2  Overview of host immunity during cryptococcosis
In this section we introduce the broad concepts of the immune response and pathogenesis of cryptococcosis before exploring each part in greater detail in the sections below. Pulmonary cryptococcal infection will occur only if fungal cells, environmentally acquired by inhalation, are deposited deep in the lungs. After deposition within the lung, alveolar macrophages (AMs), tissue resident macrophages that will remove microorganisms and other particulates, will be the first cells to encounter the cryptococci and will respond by internalising them through phagocytosis (Goldman et al., 2001). Following phagocytosis AMs will ideally kill the microorganisms and initiate and modulate the appropriate wider immune response. This will include the release of cytokines, activation and recruitment of other immune cells and presentation of antigen.

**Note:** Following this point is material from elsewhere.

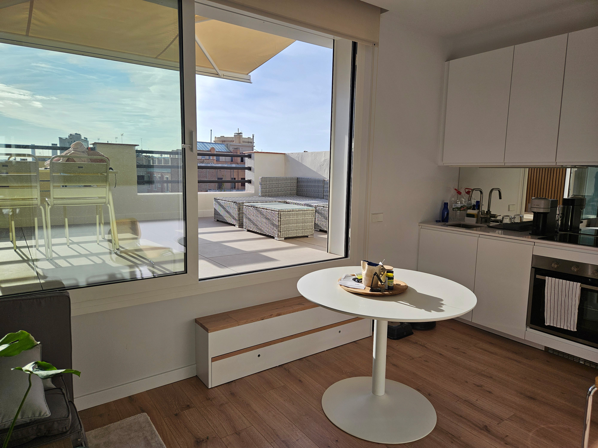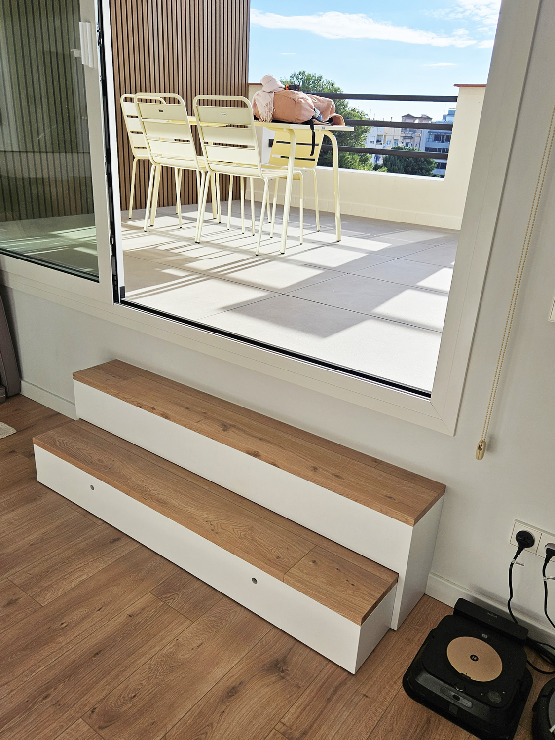 Se trata de un apartamento en una ubicación increíble de Barcelona con vistas a un jardín de preciosos árboles. La terraza se incorpora a la vivienda como prolongación de la sala por un gran ventanal. El gran desnivel entre interior y exterior nos permitió considerar unos escalones que se convierten en banco para sentarse, muy práctico para un espacio tan reducido.
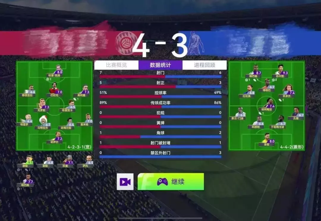 可以看出双方的控球率几乎是55开,射门次数也相差无几,毫不偏袒地说这场胜利就是更高的评分和更好的球员带来的优势,但更重要的是若没有认真分析且及时、大胆地临场调整,这场比赛有很大概率是不能全取三分,甚至有可能赢不了的,所以我才敢说在经理人天梯中“足球是圆的”嘛~哪怕相差100~200分,稍有不慎就容易翻车,又有谁敢说能稳赢对面呢?

Due to the resolving sub-clinical or mild nature of the infection in immunocompetent individuals there is limited data on the normal immune response to C. neoformans. Cryptococcal infections are occasionally identified due to medical examination for other symptoms or conditions. In these cases cryptococci are enclosed within granulomas (Haugen and Baker, 1954). Granulomas are a diverse group of immune structures, commonly recognised as macrophage like cell clusters surrounded by lymphocytes. Their primary function is to control and remove infections but are also seen in a number of immune diseases (Rose et al., 2014). Cryptococcal granulomas are compact, with macrophages, multinucleated giant cells (both containing intracellular yeasts) and CD4+ lymphocytes (Shibuya et al., 2005, 2002). These granulomas will typically resolve over a period of weeks or months without clinical intervention. Evidence of childhood infection (cryptococcal antibody profile increasing with age) suggests latent infection, or repeated infection (Goldman et al., 2001). In addition, decline of immune efficiency as a trigger for the reemergence of a dormant cryptococcal infection, potentially suggests that cryptococci are able to escape degradation and remain within an individual for long periods of time (Garcia-Hermoso et al., 1999).

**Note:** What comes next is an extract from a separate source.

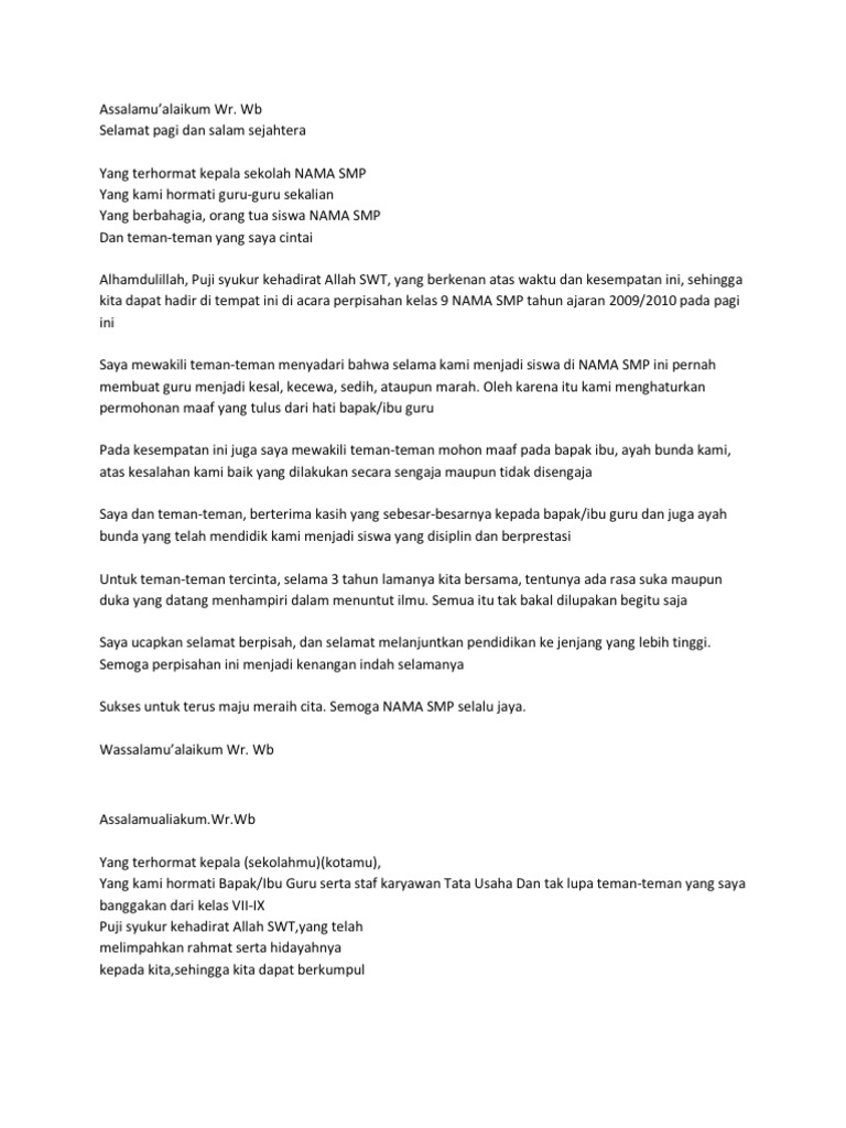 DOC) Contoh Pidato Perpisahan KELAS 9 | JayKummarhe Zazg - Academia.edu

It is clear from both the clinic and experimental models of cryptococcosis that T cell responses are key to the control of cryptococcal infection. The major defect in the patient groups at risk of developing cryptococcal meningitis is in the CD4+ T helper system. Therefore, a very different response in the lung is seen in individuals with AIDS. Loosely aggregated giant cells are seen but cryptococci are typically extracellular and there is significant proliferation in the alveolar spaces (Shibuya et al., 2005, 2002). If cryptococcal infection is not controlled in the lungs then it will disseminate throughout the body, with particular preference for the central nervous system (CNS). Infection of the CNS results in life threatening meningitis and/or meningoencephalitis, with very high mortality without treatment (Bovers et al., 2008; Mitchell and Perfect, 1995). The route and mechanism of spread to the CNS has not been directly demonstrated, however, it is likely through the blood as the lymphatic system has no access to the brain (Liu et al., 2012; Iliff and Nedergaard, 2013).